— Task statement —
Produce as output only the lines below starting at the line with "In Figure 3, an" and continuing through the line with "<p>Спеціальні літієві батарейки", each one exactly as written.

— Materials provided —
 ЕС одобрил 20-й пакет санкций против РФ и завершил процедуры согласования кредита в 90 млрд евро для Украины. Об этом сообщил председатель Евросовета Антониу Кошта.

---

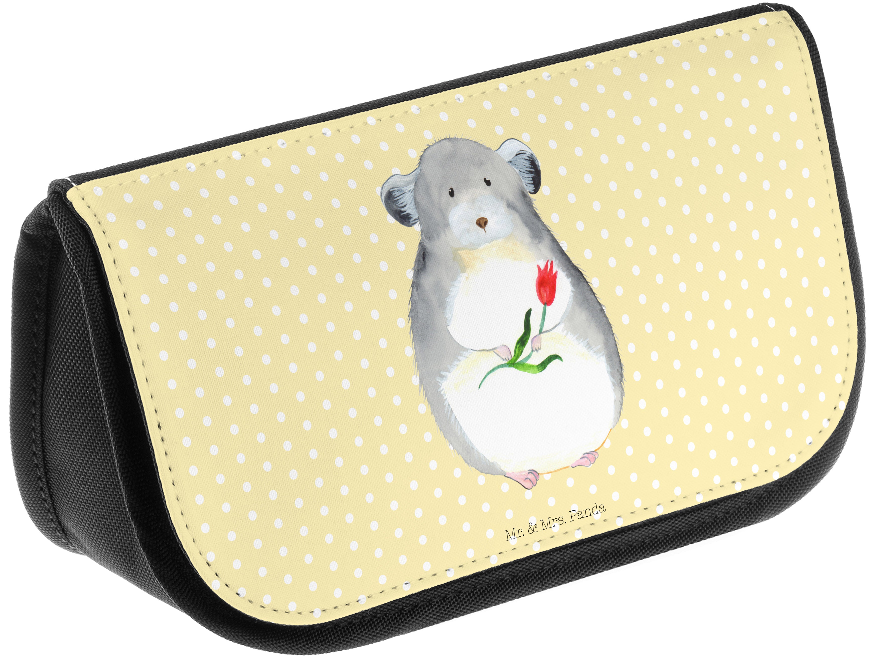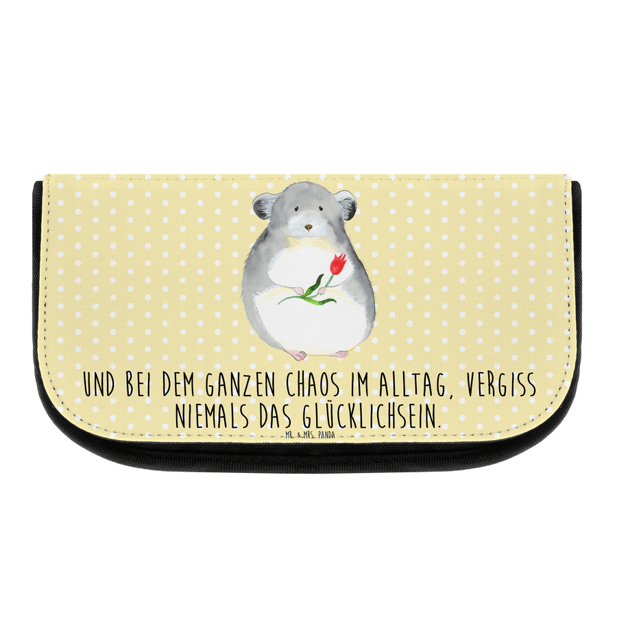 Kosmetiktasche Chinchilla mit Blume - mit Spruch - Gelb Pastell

--

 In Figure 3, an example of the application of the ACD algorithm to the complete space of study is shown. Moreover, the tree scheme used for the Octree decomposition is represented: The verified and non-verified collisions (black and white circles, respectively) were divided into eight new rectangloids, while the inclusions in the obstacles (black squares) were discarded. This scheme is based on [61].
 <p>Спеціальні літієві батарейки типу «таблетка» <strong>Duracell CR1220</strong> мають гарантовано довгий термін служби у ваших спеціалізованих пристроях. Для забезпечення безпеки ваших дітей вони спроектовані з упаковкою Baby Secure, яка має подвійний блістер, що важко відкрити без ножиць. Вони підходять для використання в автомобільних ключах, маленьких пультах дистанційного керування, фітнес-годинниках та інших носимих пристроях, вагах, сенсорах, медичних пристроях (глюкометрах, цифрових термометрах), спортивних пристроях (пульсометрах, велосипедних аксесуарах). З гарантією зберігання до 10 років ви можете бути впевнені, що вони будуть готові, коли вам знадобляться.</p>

— Result of the task —
 In Figure 3, an example of the application of the ACD algorithm to the complete space of study is shown. Moreover, the tree scheme used for the Octree decomposition is represented: The verified and non-verified collisions (black and white circles, respectively) were divided into eight new rectangloids, while the inclusions in the obstacles (black squares) were discarded. This scheme is based on [61].
 <p>Спеціальні літієві батарейки типу «таблетка» <strong>Duracell CR1220</strong> мають гарантовано довгий термін служби у ваших спеціалізованих пристроях. Для забезпечення безпеки ваших дітей вони спроектовані з упаковкою Baby Secure, яка має подвійний блістер, що важко відкрити без ножиць. Вони підходять для використання в автомобільних ключах, маленьких пультах дистанційного керування, фітнес-годинниках та інших носимих пристроях, вагах, сенсорах, медичних пристроях (глюкометрах, цифрових термометрах), спортивних пристроях (пульсометрах, велосипедних аксесуарах). З гарантією зберігання до 10 років ви можете бути впевнені, що вони будуть готові, коли вам знадобляться.</p>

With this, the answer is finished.